PROBLEM DESCRIPTION.
Below are records; the lines starting at the one with "Deze SPORTIEVE KATOENEN" and ending at the one with "Farmhouse Check Black" must be reproduced exactly, both included. Pictures must not appear.

Top of RECORDS FOR PROCESSING

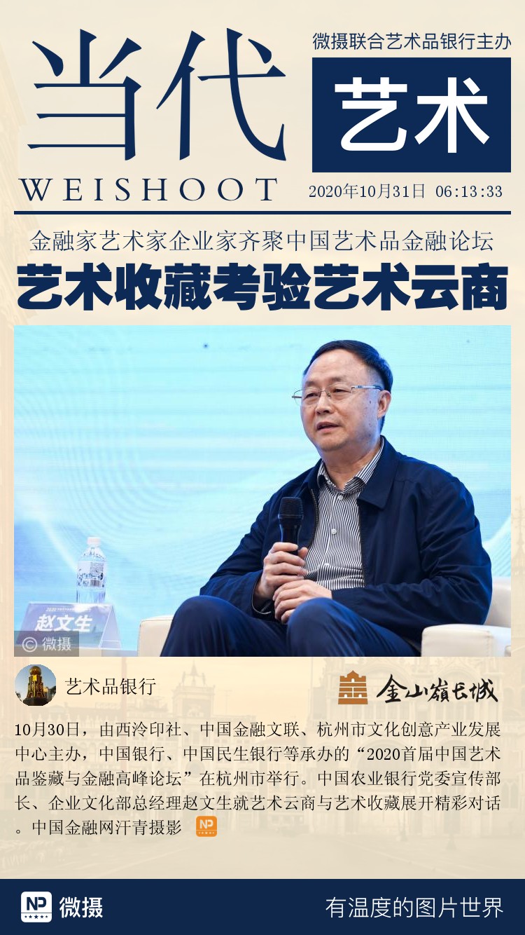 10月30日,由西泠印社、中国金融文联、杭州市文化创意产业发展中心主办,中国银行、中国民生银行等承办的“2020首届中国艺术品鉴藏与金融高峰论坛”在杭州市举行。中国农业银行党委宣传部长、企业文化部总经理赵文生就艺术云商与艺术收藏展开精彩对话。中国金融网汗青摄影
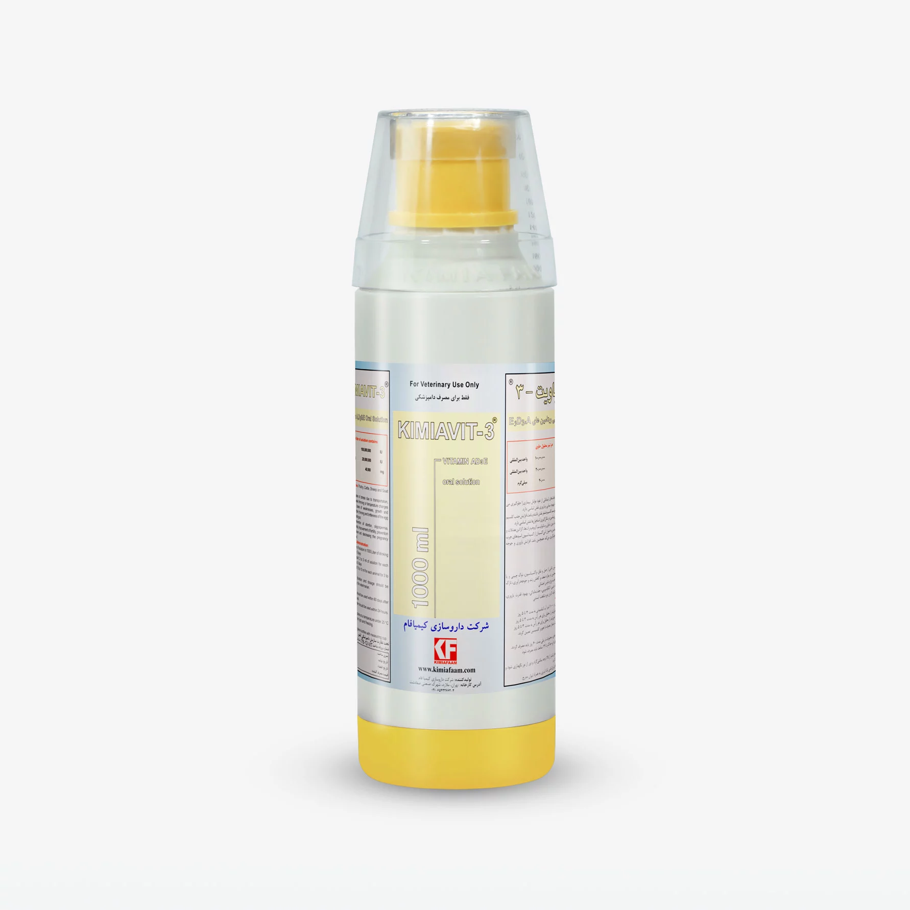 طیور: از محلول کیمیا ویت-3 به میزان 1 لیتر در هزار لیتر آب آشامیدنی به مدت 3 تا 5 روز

Bottom of RECORDS FOR PROCESSING
Top of RECORDS FOR PROCESSING

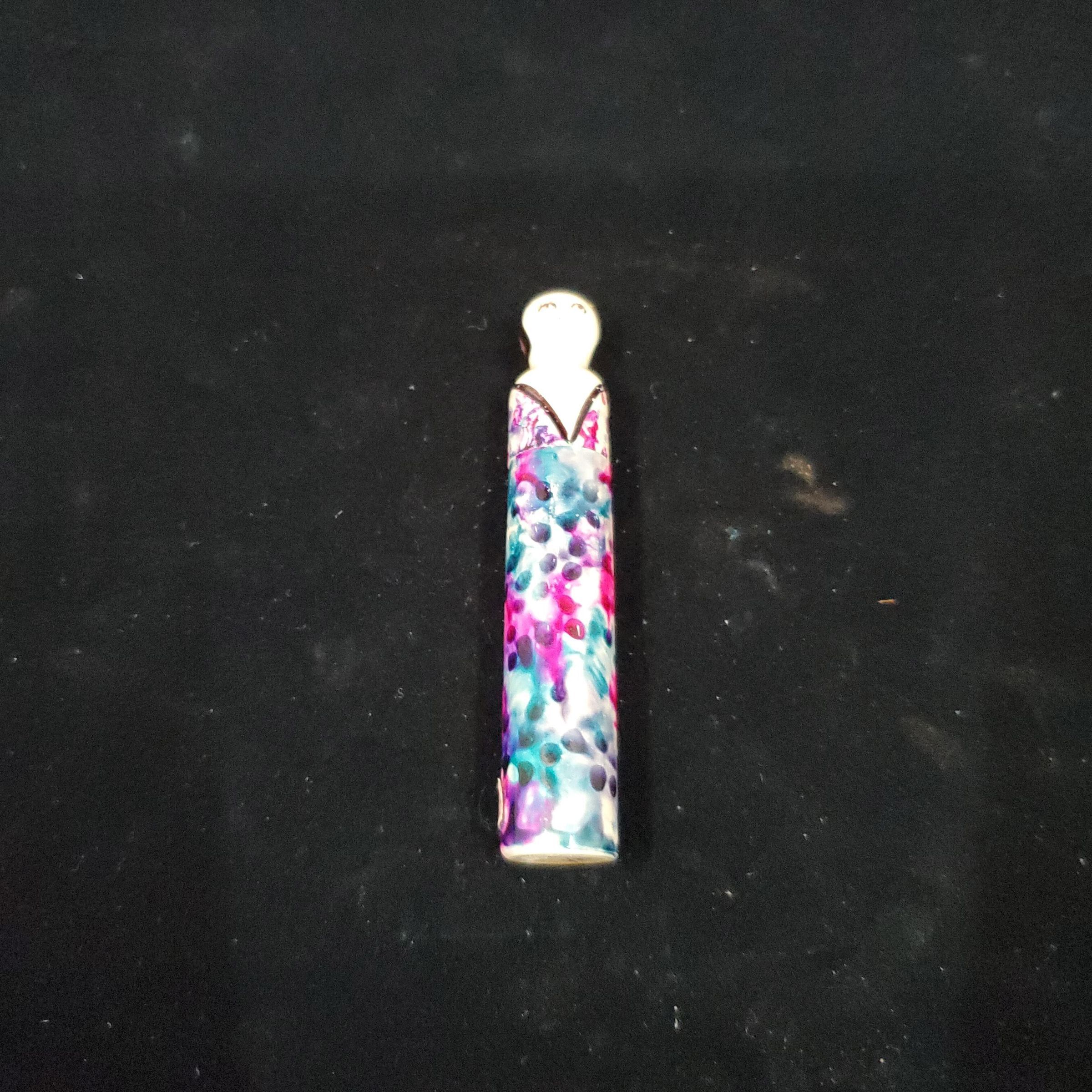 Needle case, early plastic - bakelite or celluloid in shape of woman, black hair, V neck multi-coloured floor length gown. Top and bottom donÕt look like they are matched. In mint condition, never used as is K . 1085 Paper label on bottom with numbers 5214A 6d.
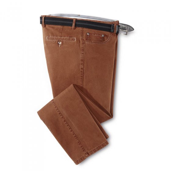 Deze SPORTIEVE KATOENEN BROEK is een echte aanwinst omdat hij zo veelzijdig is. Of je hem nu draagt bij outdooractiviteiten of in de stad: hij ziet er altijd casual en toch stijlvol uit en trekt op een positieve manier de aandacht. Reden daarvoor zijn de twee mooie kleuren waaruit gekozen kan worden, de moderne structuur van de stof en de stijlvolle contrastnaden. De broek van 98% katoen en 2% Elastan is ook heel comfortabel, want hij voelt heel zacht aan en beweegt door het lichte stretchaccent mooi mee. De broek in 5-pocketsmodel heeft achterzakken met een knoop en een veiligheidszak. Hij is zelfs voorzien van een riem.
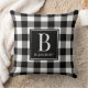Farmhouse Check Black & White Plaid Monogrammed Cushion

Bottom of RECORDS FOR PROCESSING

RESPONSE.
 Deze SPORTIEVE KATOENEN BROEK is een echte aanwinst omdat hij zo veelzijdig is. Of je hem nu draagt bij outdooractiviteiten of in de stad: hij ziet er altijd casual en toch stijlvol uit en trekt op een positieve manier de aandacht. Reden daarvoor zijn de twee mooie kleuren waaruit gekozen kan worden, de moderne structuur van de stof en de stijlvolle contrastnaden. De broek van 98% katoen en 2% Elastan is ook heel comfortabel, want hij voelt heel zacht aan en beweegt door het lichte stretchaccent mooi mee. De broek in 5-pocketsmodel heeft achterzakken met een knoop en een veiligheidszak. Hij is zelfs voorzien van een riem.
Farmhouse Check Black & White Plaid Monogrammed Cushion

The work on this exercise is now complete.